= Exercise description =
Set down word for word each line from the one containing "Retraite de communion à Montazeau." through the end of the records, both included. Do not copy any pictures.

──────── Input

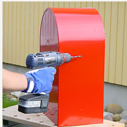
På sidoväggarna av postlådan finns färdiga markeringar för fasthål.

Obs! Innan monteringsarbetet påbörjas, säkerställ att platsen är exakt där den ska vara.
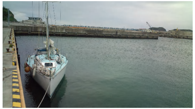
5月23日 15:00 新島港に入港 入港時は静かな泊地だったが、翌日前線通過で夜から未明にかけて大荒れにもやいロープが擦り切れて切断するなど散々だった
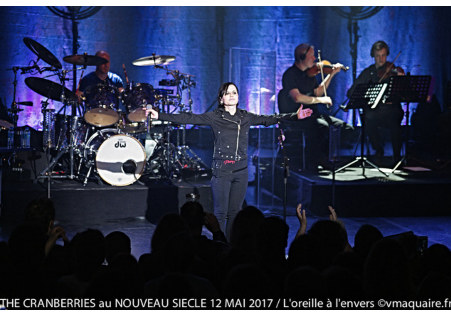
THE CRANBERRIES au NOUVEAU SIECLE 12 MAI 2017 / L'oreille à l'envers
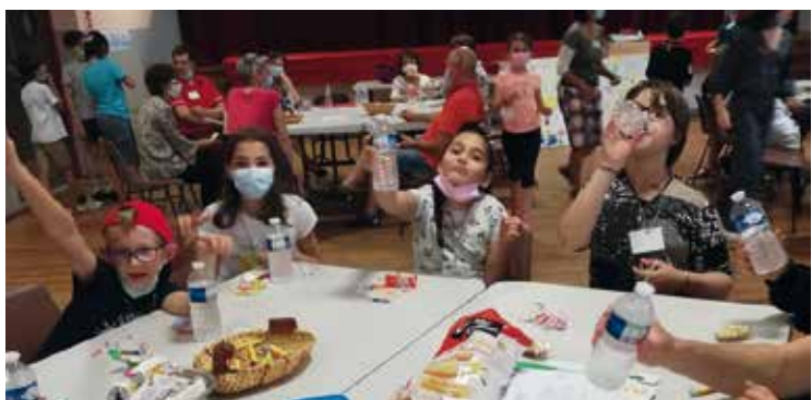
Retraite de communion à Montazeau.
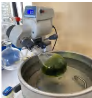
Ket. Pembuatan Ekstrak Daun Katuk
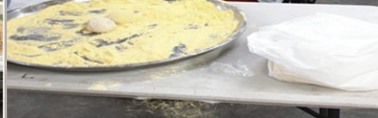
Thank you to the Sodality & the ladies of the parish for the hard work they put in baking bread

────────────────

= Exercise solution =
Retraite de communion à Montazeau.
Ket. Pembuatan Ekstrak Daun Katuk
Thank you to the Sodality & the ladies of the parish for the hard work they put in baking bread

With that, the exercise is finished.